Chapter 569: Lots of land for real estate freed up
The lack of time forced the workers of the Bee Empire to work even harder than usual—and they were incredibly hard workers!
There were more plane scouting expeditions sent to the slumbering volcano in order to measure it and try to estimate how large its eruption was going to be. Our best Researchers made their calculations, but their terrible lack of experience in this matter showed itself.
Humans were more helpful. They weren't much more technically apt, but at least they witnessed various eruptions in history.
Through them, Agent Whisper even discovered tales about a volcano that had erupted in the past right in the area where we found OUR volcano!
Clearly, these were the same volcano. The old eruption happened several centuries ago, so the information about it was very unclear, but the legends told that the tsunami it caused travelled all the way to our shores, destroying entire villages.
I have ordered a full evacuation of the regions that were going to be affected. Only the workers and mechas that built wave-breakers stayed in the area, and they were ready to leave as soon as the Oracles brought a warning that the eruption day was looming ahead.
It happened only five days after we confirmed that the volcano was a volcano.
To make sure that the Oracles will have the most precise information about the volcano's activities, I kept spending fuel and sending planes with scouts to the volcano.
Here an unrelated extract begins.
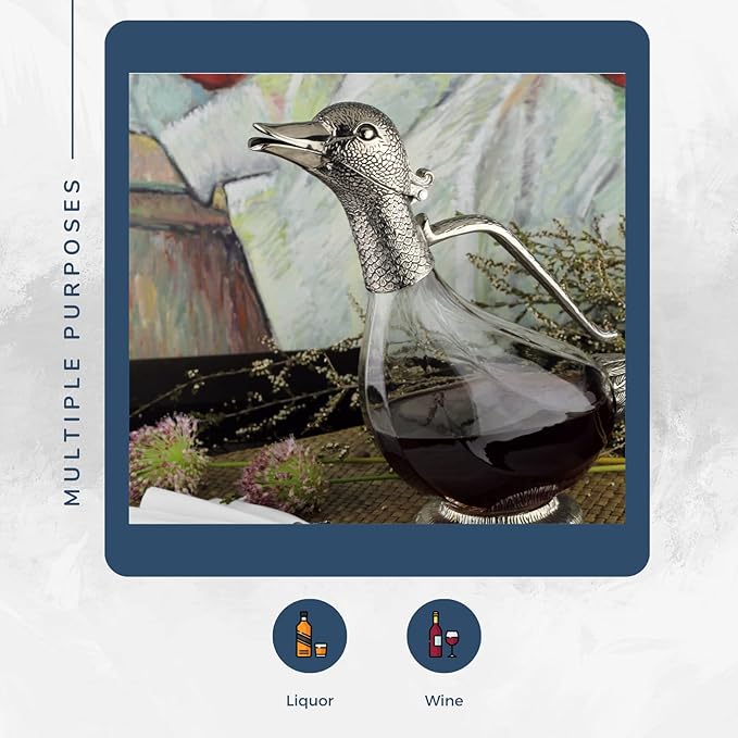 Regent Silverplated Duck Decanter 25.3 oz, 750ml Carafe, Wine Gift, Decanter for Wine, Men/Women's Good Gift on Special Day

There were fewer scouts on them, but this was all the difference.
On this day, Undecided brought me a dream of their future.
"The scouts that will be sent out in seven days will have to return ahead of time. When they arrive at the volcano, they will see it rising out of the sea and spitting clouds of noxious gases and smoke… In some dreams, they might even die when the plane can't escape these clouds and crashes into the ocean!"
By this point, even with all the hard work, only the simplest wave-breakers were built. After all, to stop a full-sized tsunami, they had to be colossal constructions even for our incredible workpower!
Still, our workpower WAS incredible. Otherwise, there wouldn't even be heaps of sand in their places.
In just a few days, millions of bees and thousands of humans carried sand, gravel, concrete and—of course—a lot of usnea seeds to the vulnerable shores to build the wave-breakers.
Most of them were constructed from ice of usnea trees, with soil and gravel being used mostly as support. They were massive wall-like structures going along the coastline, but not monolithic ones. Instead, they had tall protrusions on top, between which water could travel freely.
These wave-breakers would (hopefully) disperse some of the tsunami, at least weakening it and reducing the destruction it could create. While we could move people and items away from the shore, there were countless buildings, especially human-made, that could be destroyed by a tsunami.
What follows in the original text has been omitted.